Based out of a Christian commune near Orwell, Ohio, members included co-founders Joe Markko and Larry Hill, Mike Berkey, Ed Durkos, Tom Eritano, Tim Hill, Morgan King, Norris McClure, Carole King, Randy Markko, Kim Massman, Pam Massman, Tom Miller, and rock guitarist Glenn Schwartz. Schwartz was lead-guitarist for the rock group, the James Gang (later replaced by Joe Walsh) and Pacific Gas & Electric who recorded a top 20 song in 1969, Are You Ready? Temporary replacements for Glenn Schwartz and Tom Eritano were guitarist Phil Keaggy of Glass Harp and drummer, Val Fuentes from the California band, It's a Beautiful Day.
Prior to recording their first album, three band members—Brett Hill [Larry's son], Joe's brother Randy and Tom Miller—all lost their lives in automobile accidents while traveling to concerts. Singing backup and playing piano, Tom "Aquinas" Miller was one of the "Kent-25" and had been featured in Life magazine as part of the protests on the Kent State campus at the time of the Kent State shootings. Though the music on their first album, My Poor Generation, was written between 1968 and 1972, it was not released until 1973 and was dedicated to the memories of Randy Markko and Tom Miller. "The totally essential Jesus rock album featuring some baroque chamber folk with harpsichord, strings, piano and woodwinds, some otherworldly smoky dream psych and some stripped-down electric boogie blues. This was an odd congregation that collectively created an atmosphere representing the best in what was once Jesus rock."

Their second album, For Christians, Elves and Lovers (1976) combined evangelical theology and millennialism with admiration for the fantasy world of The Lord of the Rings author J.R.R. Tolkien. A copy of this album remains part of the Tolkien Collection at Marquette University. "And what is the result of this musical fusion? An absolutely incredible album which might well become a classic in the annals of Jesus music. The credit for this record's brilliance belongs to the artists themselves. Because of their talent and versatility, the 14 cuts never suffer from being repetitious or boring. One need only look at the diversity in style from one selection to the next in order to appreciate the creative abilities of these musicians. This is the 3rd album for ASFB and belongs on the shelf of every Jesus music fan."

The band was shaken again in early 1973 when co-founder and guitarist Joe Markko was electrocuted with 27,000 volts of electricity in an industrial accident. Losing both hands and massively burned over 55% of his body, Markko remained in the Burn Unit of Cleveland MetroHealth for 9 months. Rhythm guitarist Ed Durkos learned all of Markko's music and the band moved forward. Following Markko's release he continued writing, singing and arranging for the band.

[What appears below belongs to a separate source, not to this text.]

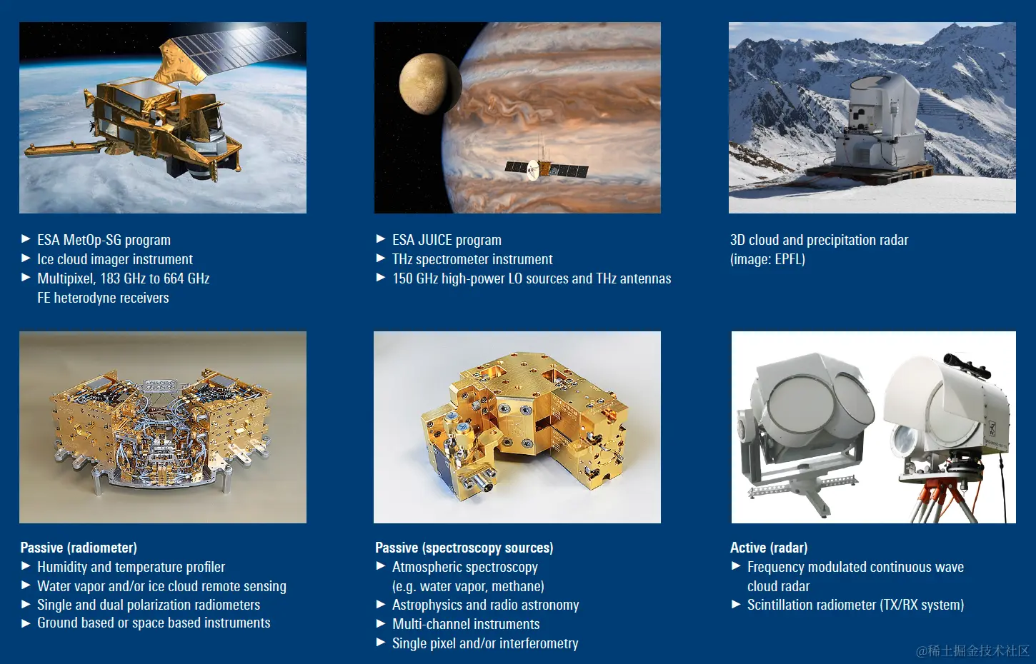 图4:太赫兹波在大气遥感和天体物理学领域的应用示例 左图:空间被动辐射仪冰云成像仪(ICI)多通道接收器(RX),工作在 183GHz ~ 664GHz 范围内(交付的飞行模型)(图片由 RPG / 空中客车 / ESA / EUMETSAT 提供)。中图:ESA JUICE 任务用于行星科学的亚毫米波仪器(SWI)光谱仪开发的 132GHz ~ 158GHz LO源(TX)示例。右图:用于云传感的 94GHz FMCW 雷达仪器和用于现场蒸发传感的 166GHz 闪烁辐射计仪器。

In February 1975, after lead guitarist Glenn Schwartz's family grew concerned about the deteriorating social conditions at the church's communal farm, they had him kidnapped for an intense, three-day "deprogramming" effort by famed cult deprogrammer Ted Patrick. The attempt was unsuccessful and the Band issued their third album, Brainwashed in, as what one ex-member termed, "a cynical response" to critics of the band's lifestyle. Brainwashed is listed as album #4 on the "Top 50 Collectible Jesus Music Albums of all Time," compiled by contemporary Church historian David DiSabatino. "This is a tough band to figure out. With some of the best Christian 70s rock by anyone anywhere their music is stunningly powerful with a dark, creeping psychrock menace achieved via songwriting and guitar/organ arrangements that spell big league all the way. If "For Christians, Elves & Lovers" is the mellower side of ASFB, "Brainwashed" is the flip side of the coin. This album is non-stop sizzling stuff with plenty of heavy organ, harmonica and, of course, Glenn Schwartz's searing guitar fireworks. This is an incredible album folks. So much variety here, too—it never gets boring."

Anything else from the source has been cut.